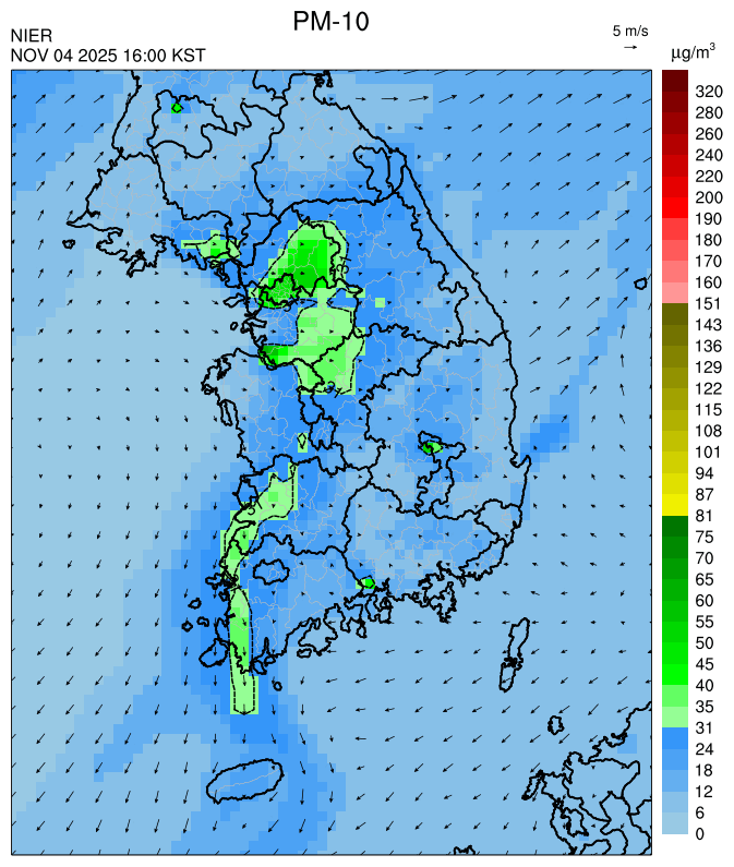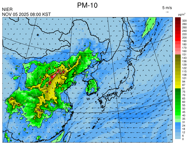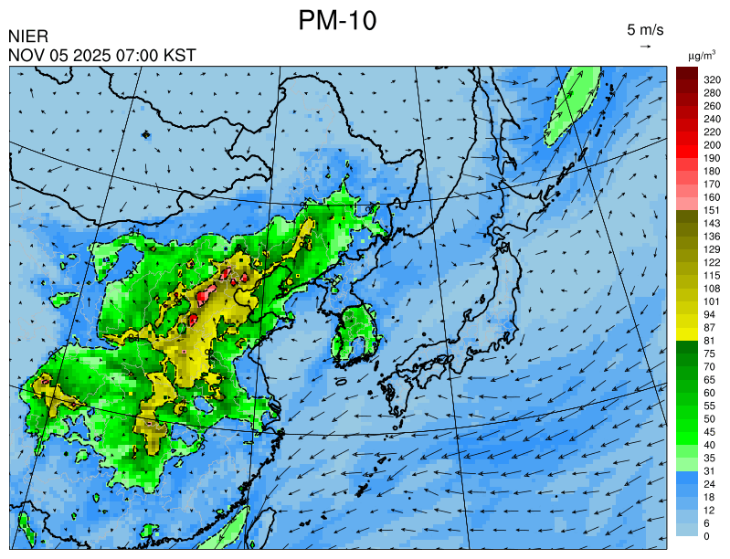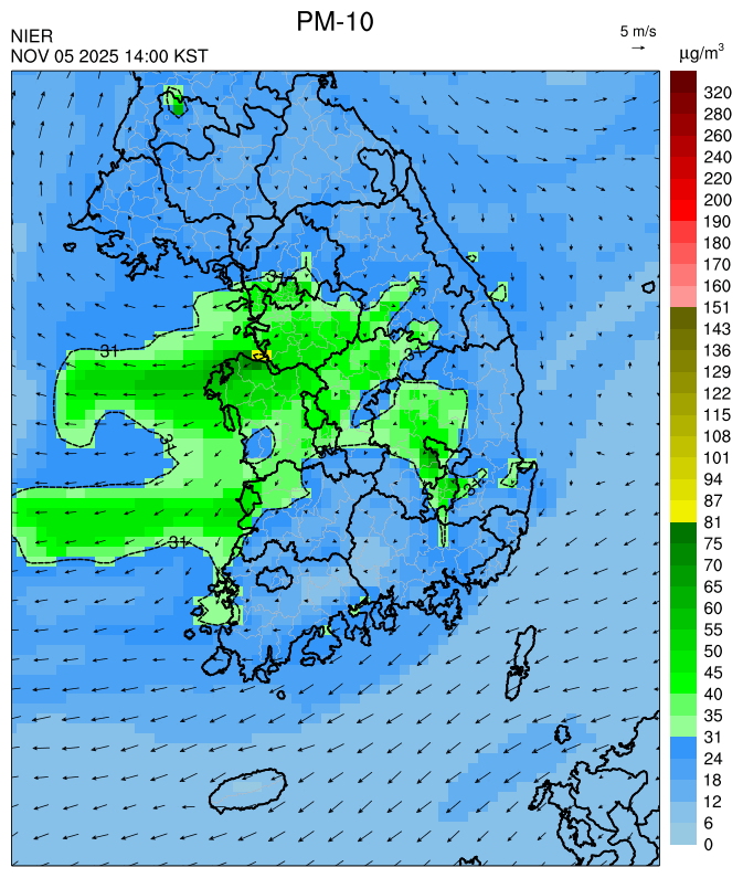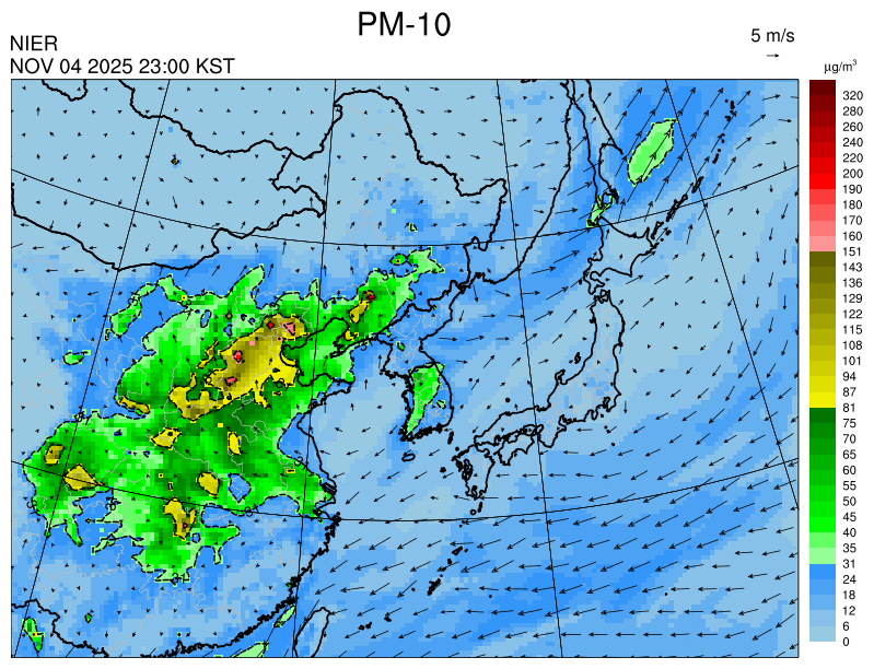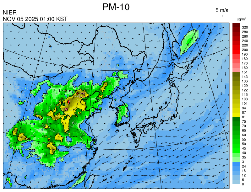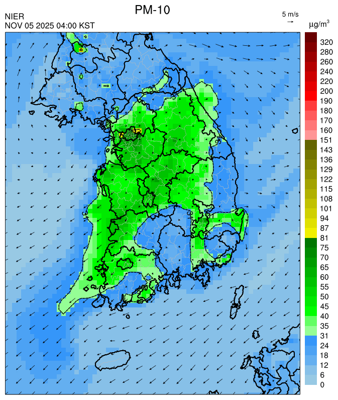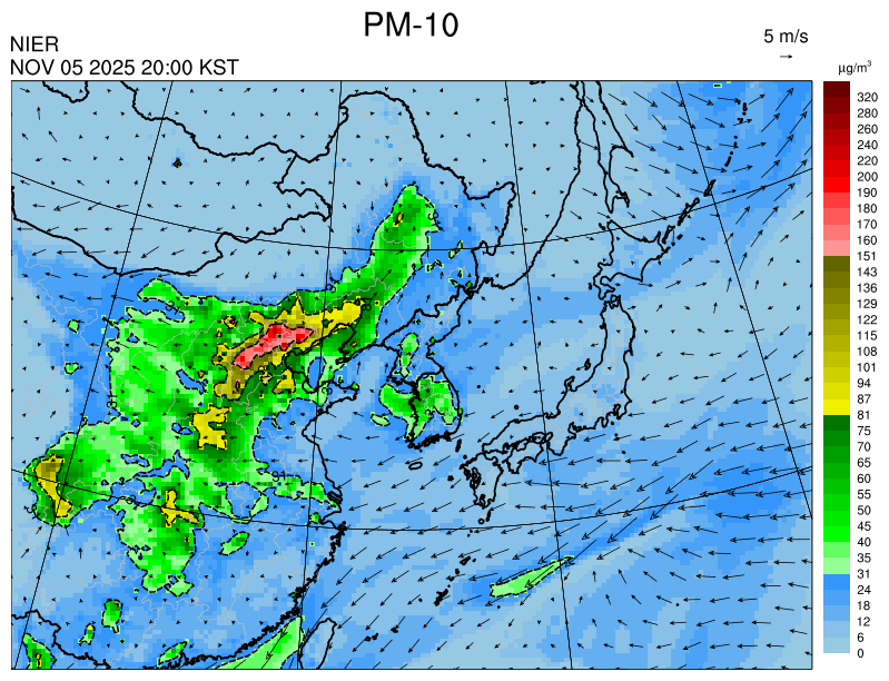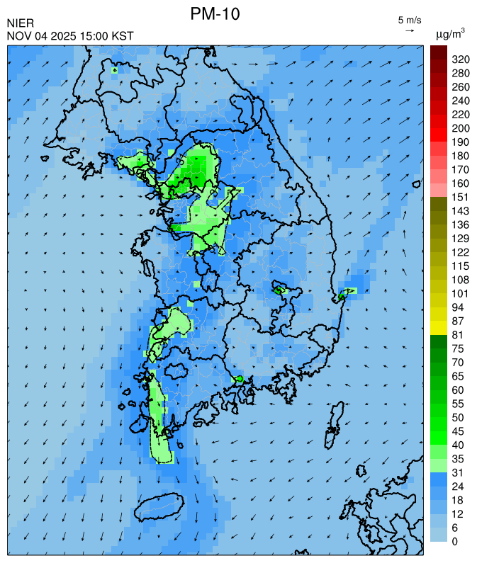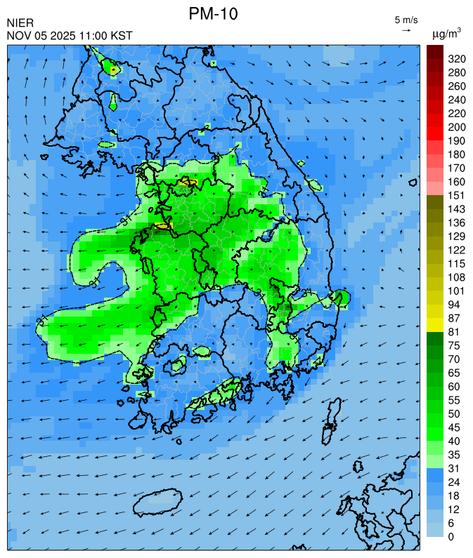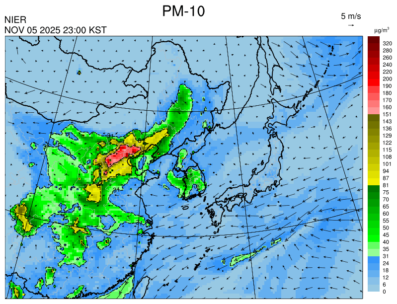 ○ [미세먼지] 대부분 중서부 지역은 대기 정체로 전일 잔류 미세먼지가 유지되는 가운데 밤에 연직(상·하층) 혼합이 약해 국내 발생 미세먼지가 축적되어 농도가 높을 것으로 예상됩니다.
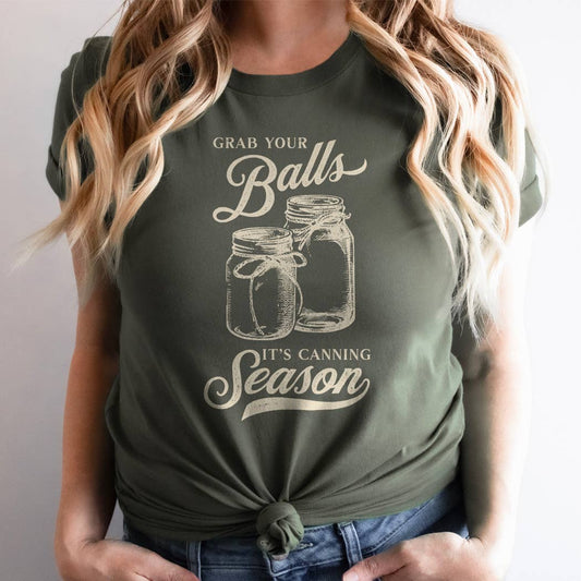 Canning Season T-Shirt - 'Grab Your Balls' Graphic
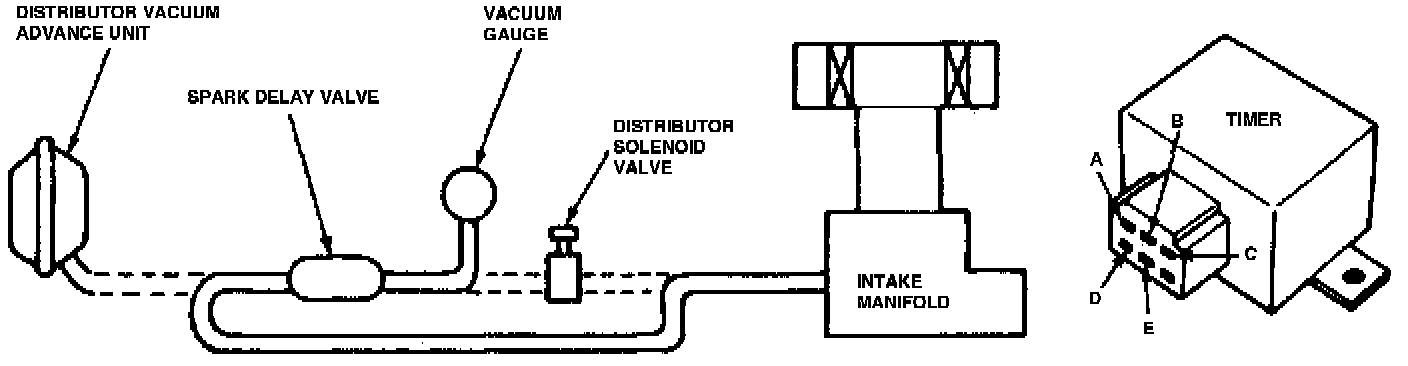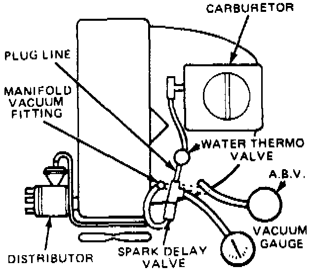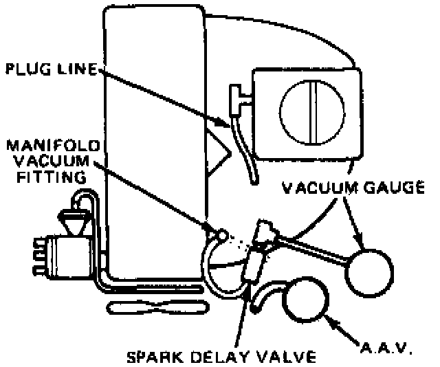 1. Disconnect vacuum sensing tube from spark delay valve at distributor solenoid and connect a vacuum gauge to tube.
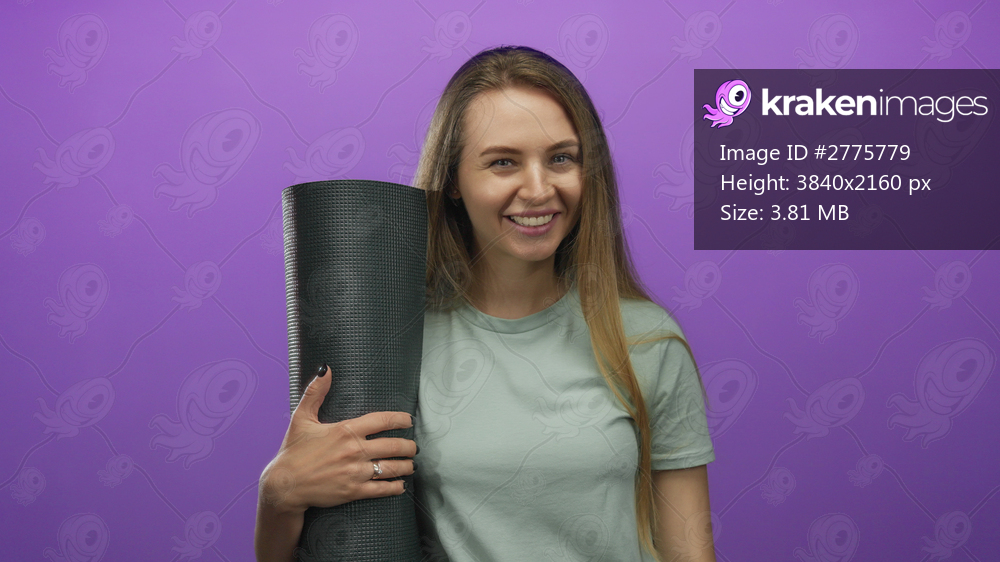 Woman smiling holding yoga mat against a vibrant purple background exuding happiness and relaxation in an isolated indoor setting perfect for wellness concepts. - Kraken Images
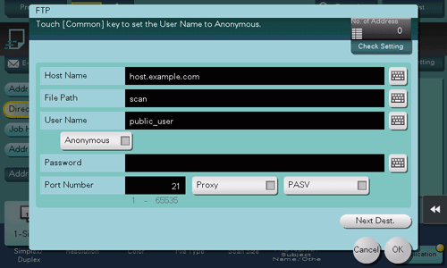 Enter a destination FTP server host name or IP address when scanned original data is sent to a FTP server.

| AIM OF THE EXERCISE |
Restate all entries above exactly, but not the images.

| THE ANSWER |
 ○ [미세먼지] 대부분 중서부 지역은 대기 정체로 전일 잔류 미세먼지가 유지되는 가운데 밤에 연직(상·하층) 혼합이 약해 국내 발생 미세먼지가 축적되어 농도가 높을 것으로 예상됩니다.
 Canning Season T-Shirt - 'Grab Your Balls' Graphic
 1. Disconnect vacuum sensing tube from spark delay valve at distributor solenoid and connect a vacuum gauge to tube.
 Woman smiling holding yoga mat against a vibrant purple background exuding happiness and relaxation in an isolated indoor setting perfect for wellness concepts. - Kraken Images
 Enter a destination FTP server host name or IP address when scanned original data is sent to a FTP server.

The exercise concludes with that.